Involvement in Fertilization and Expression of Gamete Ubiquitin-Activating Enzymes UBA1 and UBA6 in the Ascidian Halocynthia roretzi

Abstract

The extracellular ubiquitin-proteasome system is involved in sperm binding to and/or penetration of the vitelline coat (VC), a proteinaceous egg coat, during fertilization of the ascidian (Urochordata) Halocynthia roretzi. It is also known that the sperm receptor on the VC, HrVC70, is ubiquitinated and degraded by the sperm proteasome during the sperm penetration of the VC and that a 700-kDa ubiquitin-conjugating enzyme complex is released upon sperm activation on the VC, which is designated the "sperm reaction". However, the de novo function of ubiquitin-activating enzyme (UBA/E1) during fertilization is poorly understood.
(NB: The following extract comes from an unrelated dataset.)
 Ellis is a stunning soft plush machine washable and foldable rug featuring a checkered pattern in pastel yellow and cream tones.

Here, we show that PYR-41, a UBA inhibitor, strongly inhibited the fertilization of H. roretzi. cDNA cloning of UBA1 and UBA6 from H. roretzi gonads was carried out, and their 3D protein structures were predicted to be very similar to those of human UBA1 and UBA6, respectively, based on AlphaFold2. These two genes were transcribed in the ovary and testis and other organs, among which the expression of both was highest in the ovary. Immunocytochemistry showed that these enzymes are localized on the sperm head around a mitochondrial region and the follicle cells surrounding the VC. These results led us to propose that HrUBA1, HrUBA6, or both in the sperm head mitochondrial region and follicle cells may be involved in the ubiquitination of HrVC70, which is responsible for the fertilization of H. roretzi.
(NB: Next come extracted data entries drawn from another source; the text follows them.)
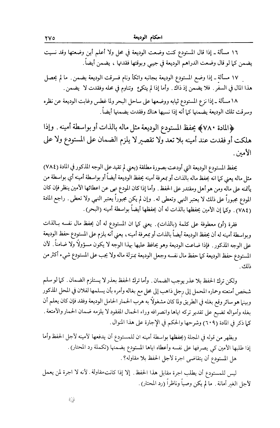 [ (الْمَادَّةُ 780) حِفْظُ الْمُسْتَوْدَع الْوَدِيعَة]
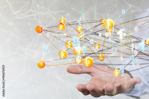 Global network. Blockchain. 3D illustration. Neural networks and artificial intelligence. Abstract 3d
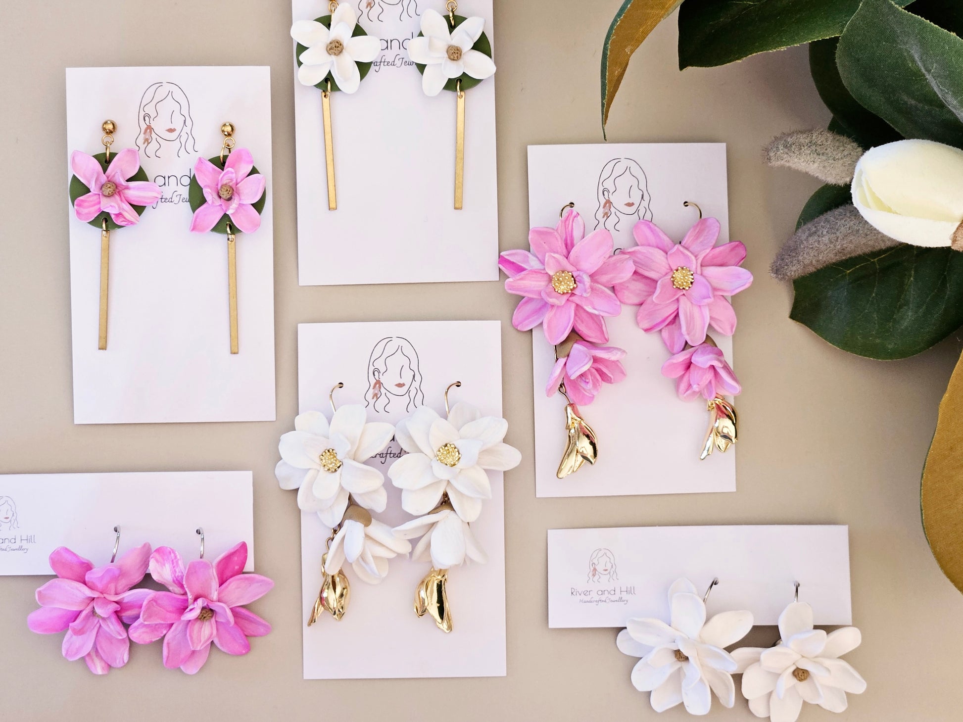 Delicately sculpted and full of grace, these handmade magnolia flower earrings celebrate the quiet strength and timeless beauty of nature. Each petal is shaped by hand, capturing the soft curves and subtle ivory or pink hues that make magnolias a symbol of resilience and femininity.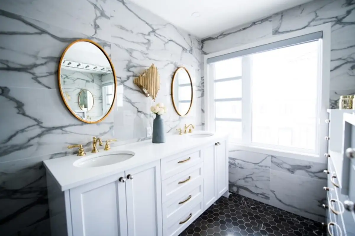 Choose a small bathtub, a shower cabin with sliding doors, or even a combination of the two. Suspended toilet models can save space and create an elegant look. Also, invest in economical faucets and showers to reduce water consumption.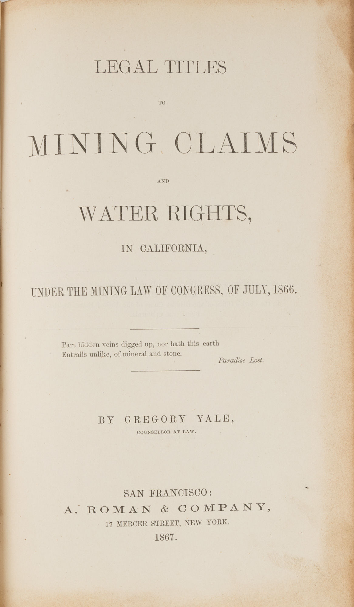 1867. An Early Treatise on Mining Claims in California, "Not Superseded by Any Later Authority" Yale, Gregory [1816-1871]. Legal Titles to Mining Claims and Water Rights, In California, Under the Mining Law of Congress, Of July, 1866. San Francisco: A. Roman & Company, 1867. xxiii, [2], 10-452, [2] pp. Main text followed by 2 pp. of publisher advertisements. Octavo (8-3/4" x 5-1/2"; 22.2 x 14 cm). Contemporary sheep, blind fillets to boards, blind fillets and red and black lettering pieces to spine. Light rubbing and a few minor scuffs, scratches and stains to boards, moderate rubbing to extremities, chipping to spine and spine ends, front joint starting at ends, corners bumped and worn, hinges cracked, light foxing and faint offsetting to endleaves. Light toning to interior, small spots and faint marginal staining to a few leaves. $450. * Only edition. Published a year after the passage of the first federal mining law, this treatise gives a detailed overview of the history of mining laws in California and the implications of the new federal legislation. "The author was an attorney of great ability, who figured in some of the famous law cases of San Francisco. This work contains much early local mining history, not superseded by any later authority" (Cowan). Cowan, A Bibliography of the History of California 1510-1930 698.

Keywords: E1; FAT10; UBA; ascidian; fertilization; ubiquitin; ubiquitin-activating enzyme.

Figure 1

Effect of the Ub-activating enzyme inhibitor PYR-41 on fertilization of H. roretzi. Orange line, the effect of PYR-41; blue line, the effect of DMSO as a vehicle (Control). The 10 µM inhibitor contained 0.03% DMSO, while the 20 µM inhibitor contained 0.06% DMSO. Error bar, SD (n = 3). The fertilization rate was determined based on the expansion of the perivitelline space as described previously [16].

Figure 2

Phylogenetic tree of amino acid sequences of UBA1, UBA2, UBA3, UBA4, UBA5, UBA6, and UBA 7 from humans and mice in addition to HrUBA1 (red box) and HrUBA6 (blue box). Amino acid sequences of UBA1 (E1) and UBA6 (E1L2) from humans, mice, and the ascidian H. roretzi were aligned by Clustal Omega, and the phylogenetic tree was illustrated as described in the Section 4.

Figure 3

Structural visualization of HrUBA1 and HrUBA6. (A) AlphaFold2 structure prediction of HrUBA1 (left) and HrUBA6 (right). Models of HrUBA1 and HrUBA6 were generated from the local copy of Alphafold2 [30] and visualized using PyMOL by Schrödinger (https://pymol.org/2/ (accessed on 15 May 2023)) (B) HrUBA1 and HrUBA6 comprise the inactive and active adenylation domain (IAD and AAD), the first and second catalytic cysteine half domain (FCCH and SCCH), the 3-helix-bundle (3HB) and the ubiquitin fold domain (UFD) [28,29].

Figure 4

Expression of HrUBA1 and HrUBA6 mRNAs in respective organs by real-time PCR. cDNAs were prepared from the testis, ovary, gill, intestine, and muscles, and real-time PCR was carried out using respective cDNA preparation as a template and specific primers to HrUBA1 (A) and HrUBA6 (B). Transcription levels of HrUBA1 and HrUBA6 were normalized to the expression level of HrEF-1α. Respective columns indicate the relative expression, assuming the value in the testis as 1.0. Error bar, SD.

Figure 5

Localization of ascidian unfertilized eggs HrUBA1 and HrUBA6. Immunocytochemistry by using anti-HrUBA1 (A) or anti-HrUBA6 (B) antibody (upper panels) and control rabbit IgG (lower panels). Bars indicate 50 µm. PS, perivitelline space; F, follicle cells. Actin was stained with phalloidin. Follicle cells (and VC) of unfertilized eggs were stained (arrow).

Figure 6

Localization of HrUBA1 and HrUBA6 in sperm. Immunocytochemistry of ascidian sperm with anti-HrUBA1 (A) or anti-HrUBA6 (B) antibody (upper panels) and rabbit IgG (lower panels). Inset is an enlarged view of the area indicated by the broken line box. Bars indicate 10 µm. DNA was stained with DAPI, and mitochondria were stained with MitoTracker. The sperm mitochondrial region was stained.

Figure 7

Working hypothesis for localization and role in fertilization of ubiquitin-activating enzyme E1 (UBA1/6) in the ascidian Halocynthia roretzi.